24th June 2026

How to explain tech to non-tech teams

How to explain tech to non-tech teams

"It’s not magic, it’s just an API"

We’ve all been there. You’re in a cross-departmental meeting, trying to explain why a feature deployment is delayed, and you watch the eyes of the marketing team slowly glaze over. To them, you might as well be chanting in an ancient, forgotten dialect.

As women in tech, we are frequently tasked with acting as the translators between complex technical infrastructure and the rest of the business. Being able to explain “tech stuff” to non-technical stakeholders isn’t just a soft skill, it’s a career superpower that builds trust, secures project budgets, and stops people from asking you to “just fix the internet.”

Here is a practical guide to translating complex code into plain English without losing your mind, or your patience.

Ditch the acronyms and jargon

The fastest way to lose an audience is to drop a block of text filled with industry shorthand. When you say, “We’re migrating the legacy DB to an AWS cloud bucket via an ETL pipeline to reduce latency,” a non-tech person hears white noise.

Instead, filter your language.

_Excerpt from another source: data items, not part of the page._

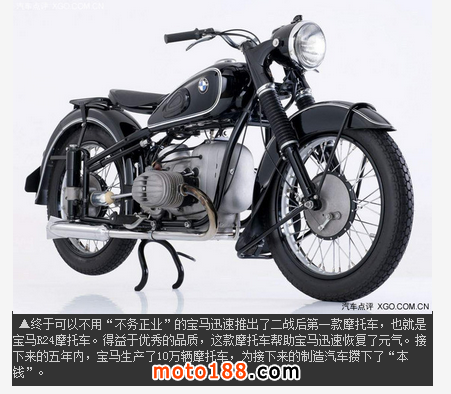 一直到了1948年,得益于銀行家(Hans-Karl Von Mangoldt-Reiboldt)的幫助,寶馬終于免于破產(chǎn)并得到了準(zhǔn)許生產(chǎn)摩托產(chǎn)的許可,結(jié)束了二戰(zhàn)以后多年的破產(chǎn)監(jiān)管狀態(tài)。
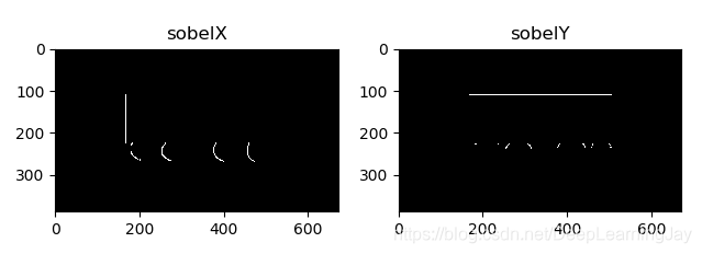 #用sobel算子计算梯度,分别求X,Y方向的梯度 sobelX = cv2.Sobel(img,cv2.CV_64F,1,0,ksize=3) sobelY = cv2.Sobel(img,cv2.CV_64F,0,1,ksize=3) #封装在plt中 plt.subplot(121) plt.imshow(sobelX) plt.title('sobelX') plt.subplot(122) plt.imshow(sobelY) plt.title('sobelY') #显示图片 plt.show() Result.1
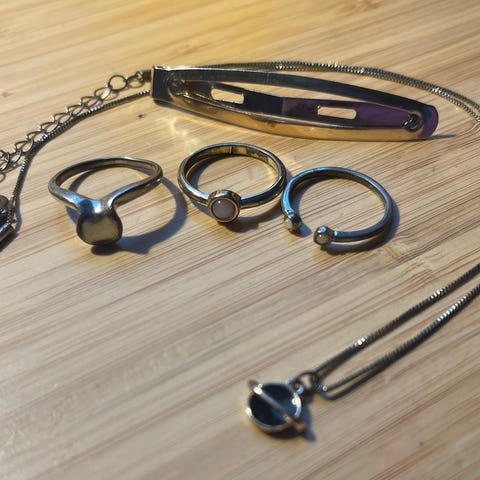 Neljä käsikorua ja kaksi sormusta. Hyvässä kunnossa.
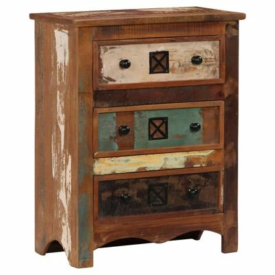 Cette armoire à tiroirs de style antique est faite de bois solide de récupération provenant des solives, des planchers et des poutres de soutènement d’anciens bâtiments démolis et comprend différents types de bois tels que pin, teck, hêtre, cèdre, manguier, acacia, etc. Cela signifie que le bois de récupération conserve les caractéristiques de ces différents types de bois. Le bois de récupération est déjà vieilli, corrodé et séché, donc il ne rétrécit et ne se plie pas. En conséquence, cette armoire latérale rétro est considérablement stable, durable et attrayante. Le savoir-faire et les grains de bois raffinés permettent à chaque meuble de se distinguer et d’être légèrement différent l’un de l’autre. De plus, cette commode comprend 3 tiroirs, offrant un espace ample pour ranger vos vêtements, vos livres et divers autres objets.
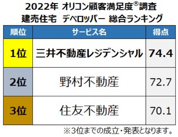 「建売住宅 デベロッパー」ランキングは、2年連続で「三井不動産レジデンシャル」(74.4点)が総合1位となった。10個の評価項目中「立地」「情報提供」「周辺環境」「引渡し時の住宅確認」「デザイン」「住宅構造・設計」「住宅設備」「金額の納得感」の8項目で1位になった。「立地」は3年連続で特に高く評価された。地域別では「関東」、男女別で「女性」、築年数別「2〜6年以内」「7〜10年以内」で1位を獲得した。

If a term isn’t vital to their understanding of the business outcome, strip it out or replace it with a functional translation:

  • API – A digital waiter taking an order from an app to the server
  • Bandwidth – How wide the pipe is for data to flow through
  • Technical debt – Taking a shortcut now that we’ll have to pay interest on later
  • Legacy system – An old, fragile machine we are terrified to turn off

Master the art of the real-world analogy

Human brains are wired to understand things they can already see, touch, or experience. When explaining abstract digital concepts, anchor them to physical things.

  • The database vs frontend – Imagine a restaurant. The frontend website is the dining room—the nice lighting, the menus, the decor. The backend database and server architecture is the kitchen. Users only care about the dining room and the final plate of food, but if the kitchen is on fire, no one gets fed.
  • Cloud computing – It’s like renting an apartment instead of buying a house. You don’t own the bricks and mortar, and you don’t have to fix the roof when it leaks (that’s Amazon or Microsoft’s job), you just pay monthly for the space you use.
  • Cybersecurity protocols – Multi-factor authentication isn’t just an annoying extra step; it’s like having a deadbolt and a security guard at your front door. Even if a thief steals your key, they still can’t get past the guard.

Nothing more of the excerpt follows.